The relatively low number of titles is no accident, says Perrin Kaplan, Nintendo America's director of corporate affairs: "We're being really selective. When you've got a game like Super Mario 64, where it sells at a near 1-1 with hardware, that's mega, and we want all our games to be in that category.

"For the Nintendo 64, our mantra is quality vs. quantity. We have far fewer games than our competitors, but real blockbuster potential. Sony PlayStation has 130 games, and 50% of their revenues are based on the sale of ten different games."

She adds: "We've been looking the world over, working with developers who have worked with us in the past who have a proven record, and also trying to find some new developers." The quest has led to some interesting works in progress, including Ken Griffey Baseball, currently in the works at San Diego's Angel Studio, which previously worked on Peter Gabriel's videos and the movie Lawnmower Man.

"For us," she says, "the bottom line is the game. People don't go to the movie theater because of the theater, they go because of the movie that's being played.

"We're trying to find the best developers in the world. It's a brand-new technology; a lot of developers aren't able to develop for it--they don't know how to yet. It takes immense skill. So for Nintendo the biggest challenge is making sure to find and train developers who have a great creative idea in their mind, and finding a way to apply it technically to our system, so the outcome is Super Mario 64."

Going Diskless

Unlike PC-based games, which these days tend to utilize a combination of your hard drive and CD-ROM, Nintendo 64 software comes on silicon-based cartridges, a far cry from the tape cartridges of yesteryear. This allows for blazingly fast play.

Foran explains: "The silicon-based storage device has the ability to be read very quickly; it's entirely solid-state and electronic, no moving parts, and it's capable of much higher rates of information transfer." Kaplan adds: "CD-ROMs are basically a storage device, and there's lag time in transferring data in any kind of game. The silicon-based cartridge allows for really smooth movement--there's no load time."

Net? Not Yet

Since SGI's technology is also used in products like the Sony PlayStation and WebTV, which at least hint at a future of interactive online gaming, it's natural to ask about Nintendo's plans for, say, interactive Net-based aerial dogfights.

However, there's likely to be a bit of a wait. Says Kaplan: "Nintendo's main focus, and the thing we've had success on, is giving the player a new gaming experience. Until technology allows for people to have online gaming in a truly instantaneous way that brings something brand-new, that they can't get on a regular console at home, we won't be entering that market. But we're examining all angles of it all the time."

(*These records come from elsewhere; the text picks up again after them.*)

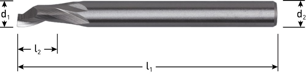 Eéntandsfrees met cilindrische schacht volgens DIN 1835-A. Grotere (scherpere) spaanhoek speciaal voor aluminium en kunststoffen.
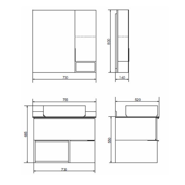 Габариты (ШхВхГ): 730*800*160 мм
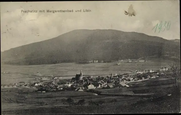 Ak Prachatice Prachatitz Südböhmen, Panorama mit Margarethenbad und Libin
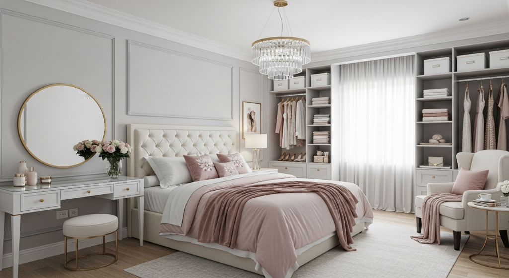 Include a vanity or dressing area with good lighting and mirror. Adequate storage keeps the space serene—organize jewelry, accessories, and clothing. A full-length mirror is essential. Consider a comfortable seating area—a reading chair with ottoman or window seat.
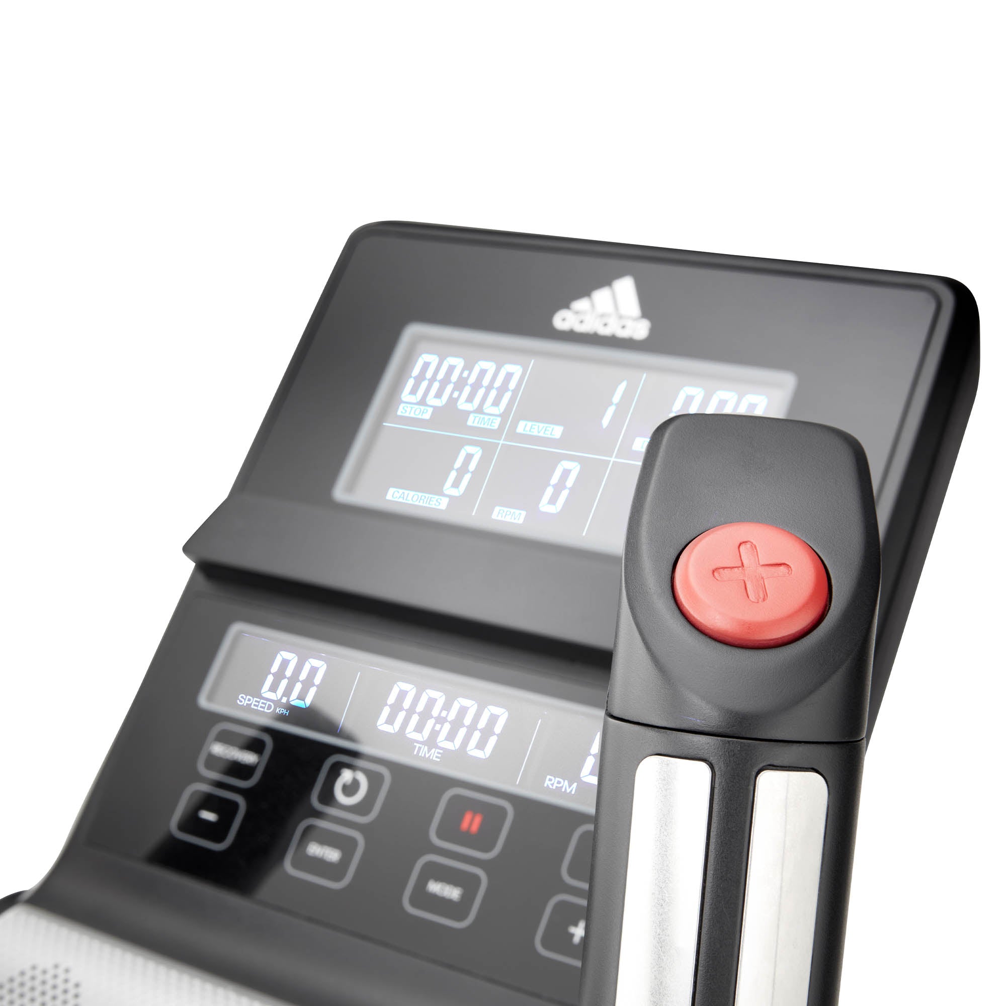 The adidas X-21 Cross Trainer is ideal for all-round fitness, allowing you to build muscular and cardio endurance without having to put impact strain through sensitive joints. The rear-drive 10 kg / 22 lb flywheel is efficient at storing kinetic energy, which in turn maintains momentum and creates a smooth, quiet elliptical motion. You can easily adjust the intensity of your workout by using the quick resistance keys located on the fixed handlebars to select one of the 24 levels of electronic resistance.
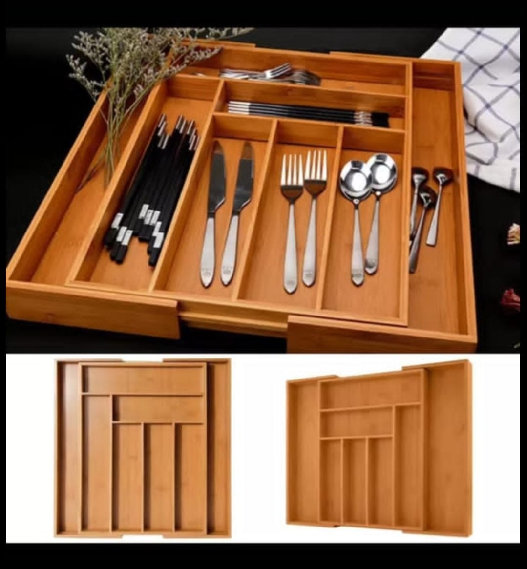 Organize your kitchen drawers neatly with this expandable bamboo cutlery organizer. Its adjustable design allows you to customize the width to fit different drawer sizes, while multiple compartments keep utensils, cutlery, and kitchen tools in order.
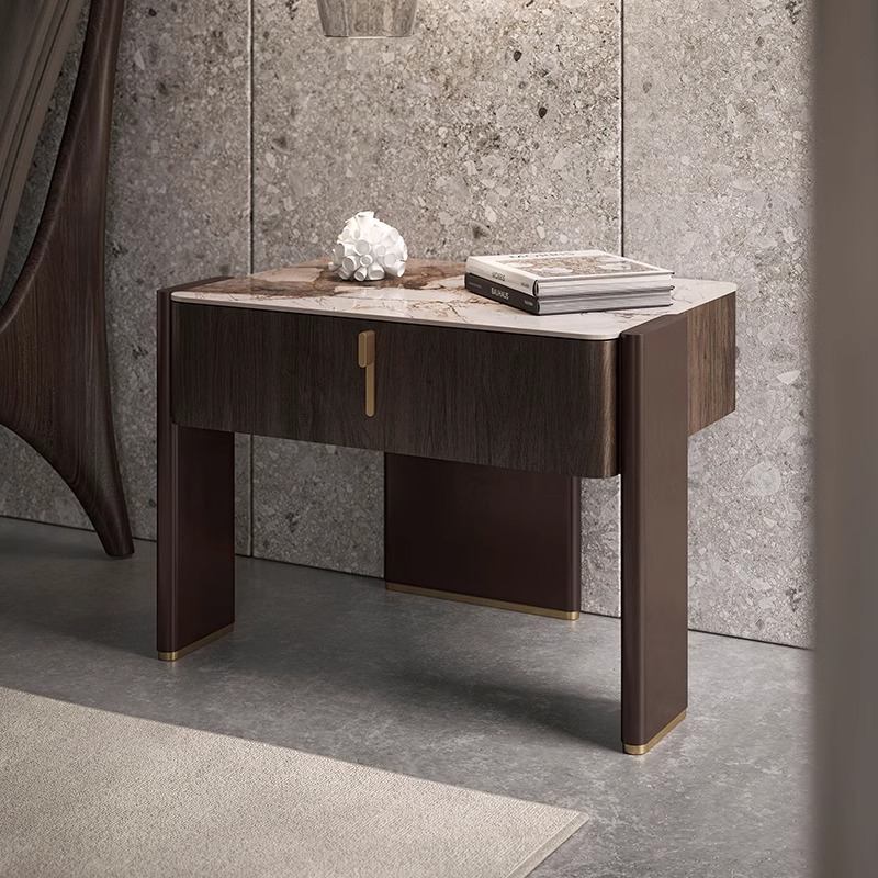 现代简约新中式岩板床头柜储物柜卧室床边柜计师轻奢胡桃木色柜子

She notes that for some time Nintendo systems have had more ports than they actually use, just in case somebody comes up with some cool new application, and that over the long life of a platform--as she points out, the '80s-vintage NES system still sells over 100,000 units a year--applications emerge that were undreamed of at its inception. "We think Nintendo 64 is going to have a really healthy life-cycle, which is important to the average consumer." So, in the long term, online gaming certainly isn't out of the question.

Foran adds: "This is only the beginning of what people will do with this platform. This is a complete leap in technology, and as time goes by people are going to figure out how to get more and more out of it--that happens with our workstations. We're going to see a lot of games produced, and they're going to keep getting better and better."